__TASK REQUIREMENTS__: Copy, word for word, the lines of the entries below between the one with "y de festivales." and the one with "愛宕神社は防災に霊験あらたか", inclusive, and leave out everything else.
EXERCISE INPUT Start Marker
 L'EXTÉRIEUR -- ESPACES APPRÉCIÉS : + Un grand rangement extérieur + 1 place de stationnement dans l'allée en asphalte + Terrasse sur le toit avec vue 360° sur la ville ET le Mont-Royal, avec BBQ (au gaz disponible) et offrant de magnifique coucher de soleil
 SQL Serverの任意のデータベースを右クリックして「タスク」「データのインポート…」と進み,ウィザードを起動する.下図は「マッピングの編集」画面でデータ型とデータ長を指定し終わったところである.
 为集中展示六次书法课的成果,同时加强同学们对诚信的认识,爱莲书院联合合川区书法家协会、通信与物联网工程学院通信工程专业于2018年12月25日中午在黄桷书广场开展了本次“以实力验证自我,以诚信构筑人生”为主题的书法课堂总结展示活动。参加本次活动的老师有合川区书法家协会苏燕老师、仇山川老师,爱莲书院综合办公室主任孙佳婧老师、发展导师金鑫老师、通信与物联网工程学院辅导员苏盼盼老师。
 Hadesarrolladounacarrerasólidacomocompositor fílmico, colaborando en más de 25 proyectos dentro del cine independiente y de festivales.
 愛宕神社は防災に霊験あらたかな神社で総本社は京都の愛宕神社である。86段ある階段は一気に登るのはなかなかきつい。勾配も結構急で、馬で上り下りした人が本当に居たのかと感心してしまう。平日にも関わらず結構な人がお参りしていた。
EXERCISE INPUT End Marker
EXERCISE INPUT Start Marker
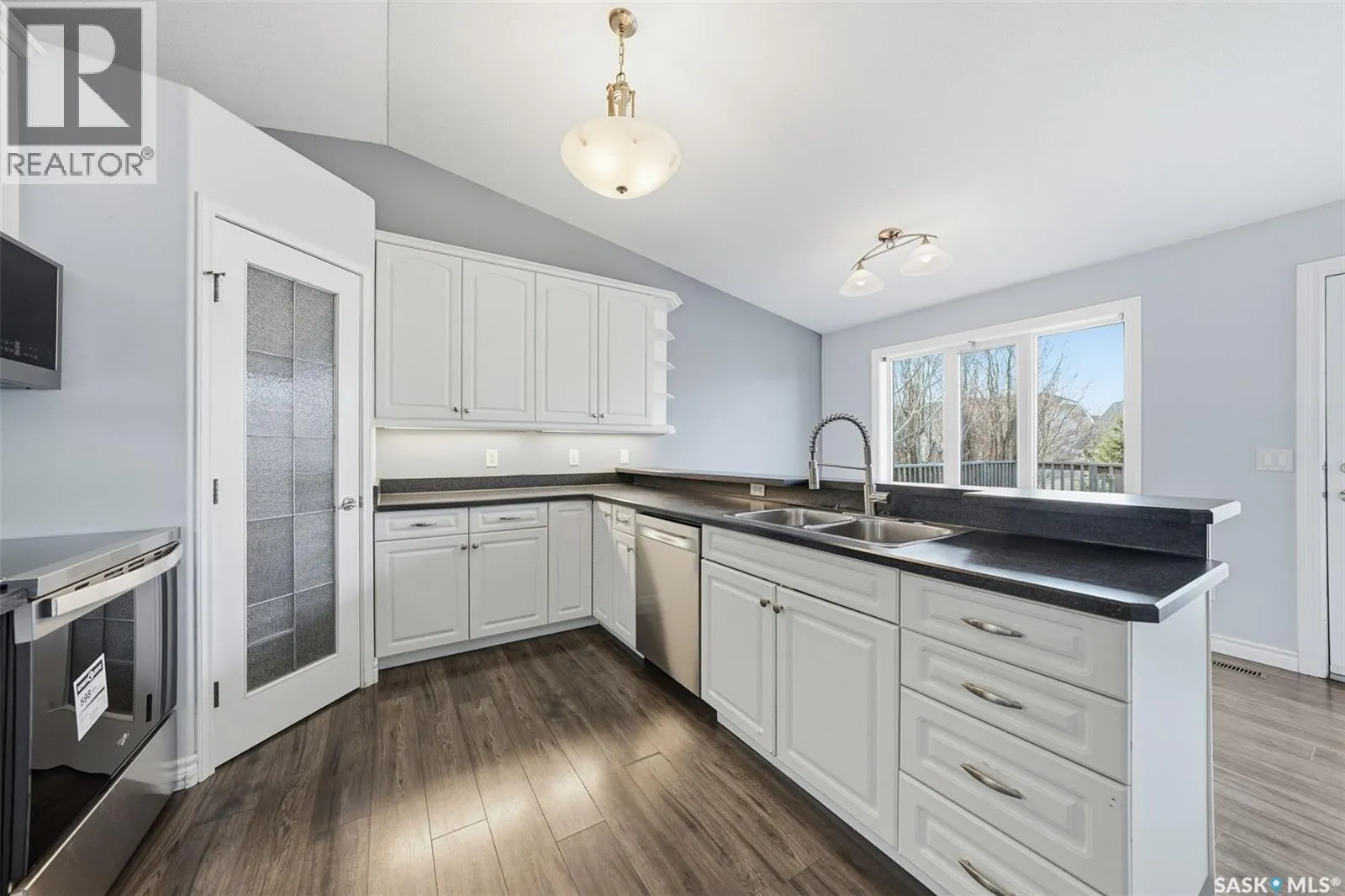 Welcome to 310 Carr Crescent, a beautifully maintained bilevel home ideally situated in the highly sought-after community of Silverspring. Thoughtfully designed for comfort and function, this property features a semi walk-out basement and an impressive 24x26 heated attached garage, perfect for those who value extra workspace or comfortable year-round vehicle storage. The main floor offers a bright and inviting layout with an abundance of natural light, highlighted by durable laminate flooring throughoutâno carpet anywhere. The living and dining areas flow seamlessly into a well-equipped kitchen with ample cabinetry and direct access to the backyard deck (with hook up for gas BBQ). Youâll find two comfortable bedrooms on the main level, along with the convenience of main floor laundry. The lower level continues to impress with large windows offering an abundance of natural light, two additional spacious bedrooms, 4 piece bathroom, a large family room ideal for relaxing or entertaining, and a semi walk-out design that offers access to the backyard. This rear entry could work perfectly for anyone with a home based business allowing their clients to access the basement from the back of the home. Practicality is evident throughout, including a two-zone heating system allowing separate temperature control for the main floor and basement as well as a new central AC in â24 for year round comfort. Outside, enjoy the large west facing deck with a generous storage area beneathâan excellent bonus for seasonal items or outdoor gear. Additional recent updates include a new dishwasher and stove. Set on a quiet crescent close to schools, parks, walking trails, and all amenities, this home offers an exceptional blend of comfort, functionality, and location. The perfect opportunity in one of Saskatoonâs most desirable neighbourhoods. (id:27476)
EXERCISE INPUT End Marker
__RESPONSE TO THE TASK__:
 Hadesarrolladounacarrerasólidacomocompositor fílmico, colaborando en más de 25 proyectos dentro del cine independiente y de festivales.
 愛宕神社は防災に霊験あらたかな神社で総本社は京都の愛宕神社である。86段ある階段は一気に登るのはなかなかきつい。勾配も結構急で、馬で上り下りした人が本当に居たのかと感心してしまう。平日にも関わらず結構な人がお参りしていた。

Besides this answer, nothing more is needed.